Сейчас Волынчук был на сцене, но не задерживал его внимания: ведь роль Помощника была очень уж статичной, заданной, неизменной. Другое дело — герой Литвака. В его поведении выпирал порыв, утверждавший и нежность, и юношескую самоуверенность. И артистичный жест Эммануила — отчаянный взмах руками, в котором должно было сказаться все состояние чуткой души, — актер позволил себе истолковать двойственно, неопределенно, словно предостерегал: не торопитесь, я еще не Я, меня вы увидите позднее, и тогда либо принимайте, либо судите. Он еще не был героем. Не был ни злом, ни добром. И еще жизнь должна была провести его через все испытания и, возможно, через то, единственное, которое определит: кто ты. После такого экзамена ты уже будешь Ты: герой или трус, великий или ничтожный… Эммануил шел к этому своему испытанию как-то очень простодушно, открыто, проявляя пока что черты, свидетельствующие о его возможностях и готовности пройти то ли через школу гладиаторов в Капуе или по склонам Везувия в роли Спартака, то ли через Фермопильское ущелье в роли изменника Эфиалта…

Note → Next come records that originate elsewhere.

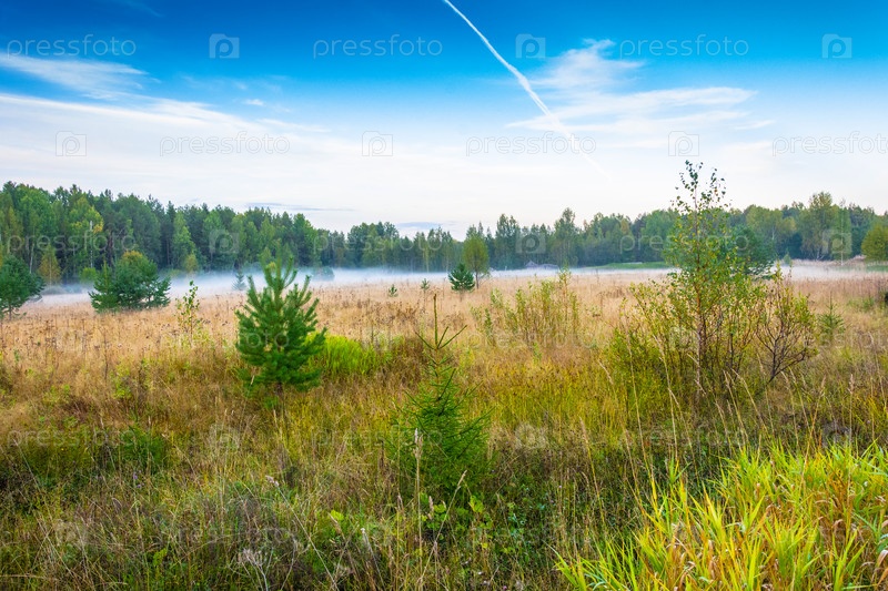 Белый туман над оранжевым полем
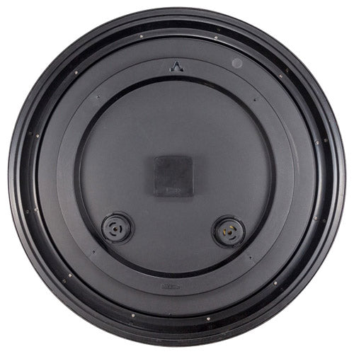 The large clock has a 50.8 cm black plastic case that frames a white dial with black hands. The contrast hands and linear markings makes the clock easy to read.
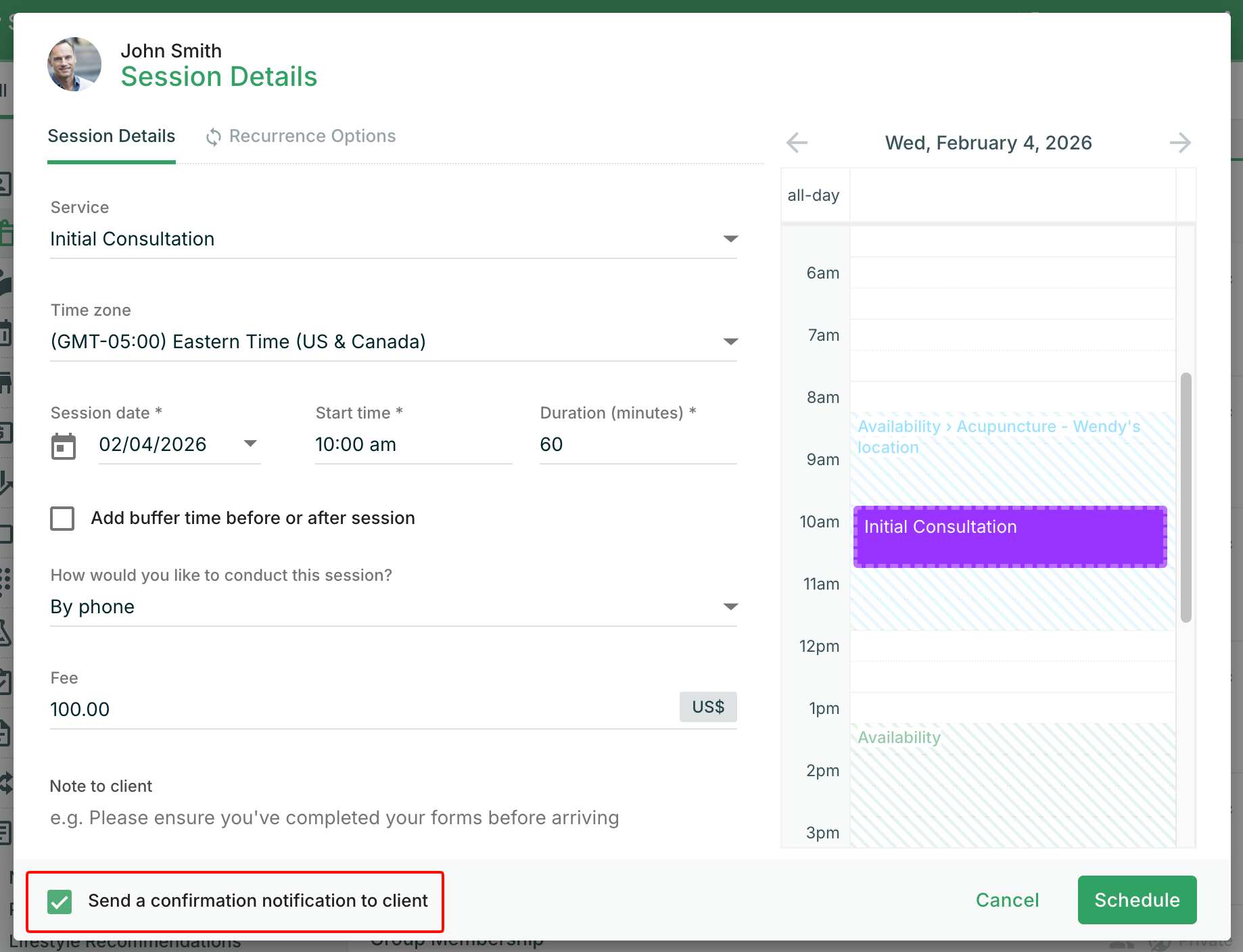 - Complete the booking details in the pop-up, ensure you select to send the client a notification, and click the Schedule button.
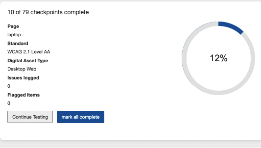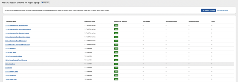 - In the top, right corner of the Checkpoint Tests for Page:<Page Name> screen, click the mark all complete button.
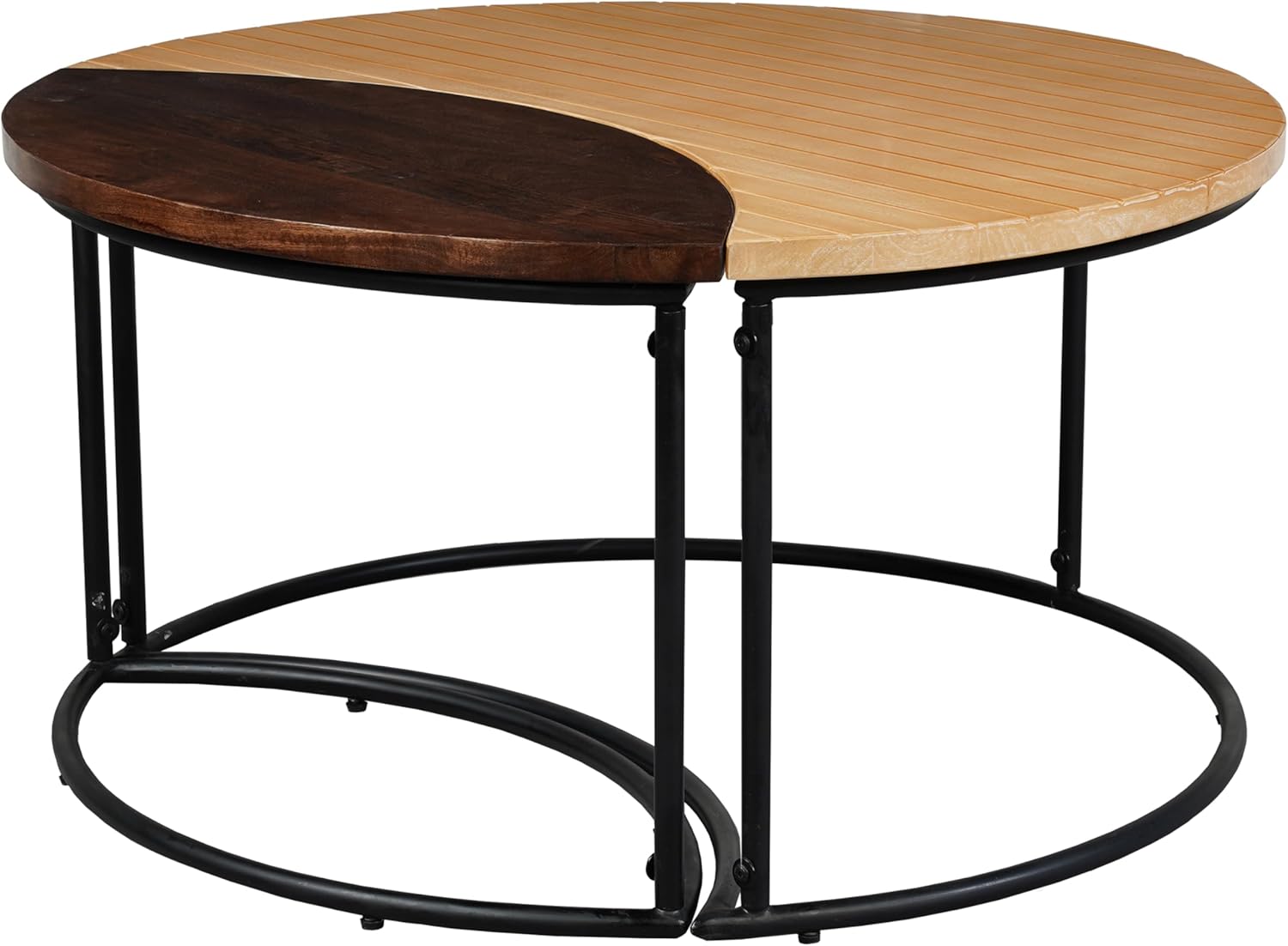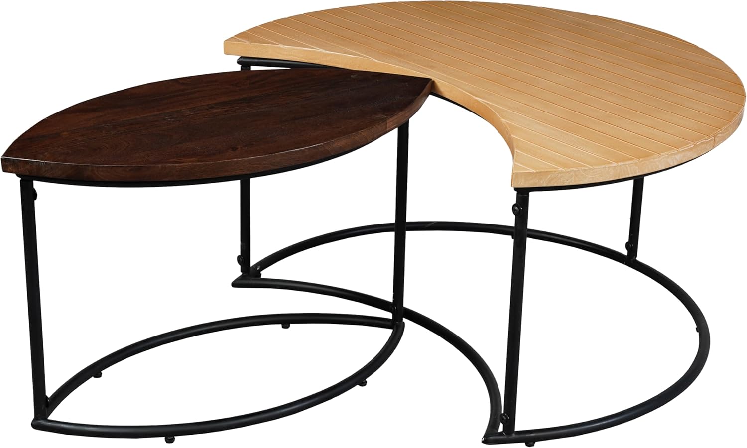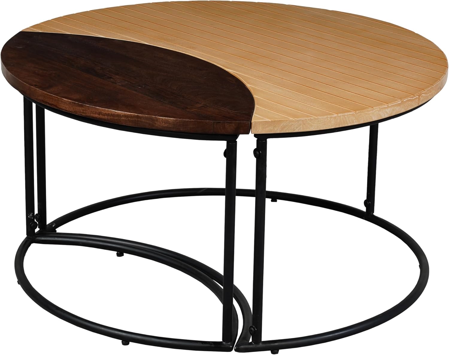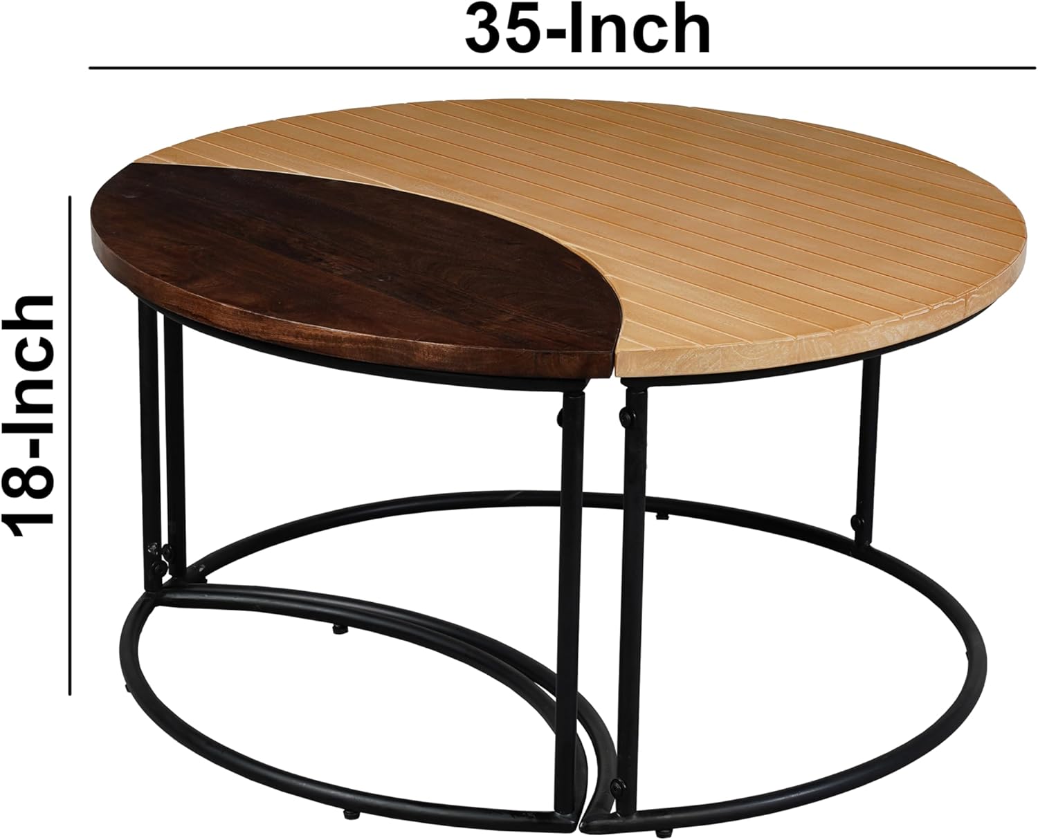 The Urban Port 35 Inch Round Crescent Mango Wood Coffee Nesting Tables with Metal Frame, Set of 2, Dark and Natural Brown
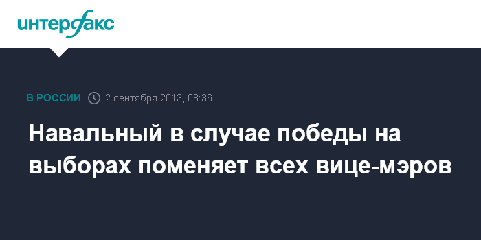 Москва. 2 сентября. INTERFAX.RU - Никто из нынешних вице-мэров не останется на своих должностях в случае победы в выборах мэра Москвы Алексея Навального. Об этом он заявил в интервью, которое публикуют "Ведомости" в понедельник.

«Ходил Эммануил со своим Помощником среди людей и всюду проповедовал правду и любовь, учил добру, — говорил со сцены ведущий. — Бедные люди прислушивались к его словам, группировались вокруг него, потому что он говорил: «Убью Царя и поведу всех в страну, где господствует любовь. И всем будет хорошо, и все будут довольны — я всех сделаю равными. И судить буду всех по правде». А богатые, обласканные Царем, эти боялись его и распускали слухи, что он не настоящий сын, и всячески его унижали.
И привели к нему женщину, изменившую мужу своему, и начали смеяться:
— Обещаешь всех судить по правде, рассуди же эту блудницу. Что прикажешь сделать с нею?
Женщина стояла со связанными руками, в изодранном платье, и смотрела поверх голов толпы в пустой простор.
— Ну, суди справедливо.
— Может быть, она и невиновна, может, ею насильно овладел Чернокнижник.
Эммануил долго молчал, смотрел на толпу, которая уже готова была посмеяться над ним. Потом поднял руку и сказал:
— Кто из вас безгрешен, пусть первый ударит ее.
Насмешники умолкли, смотрели один на другого: кто будет первым?
— Видишь, Женщина, здесь некому осудить тебя. Теперь иди».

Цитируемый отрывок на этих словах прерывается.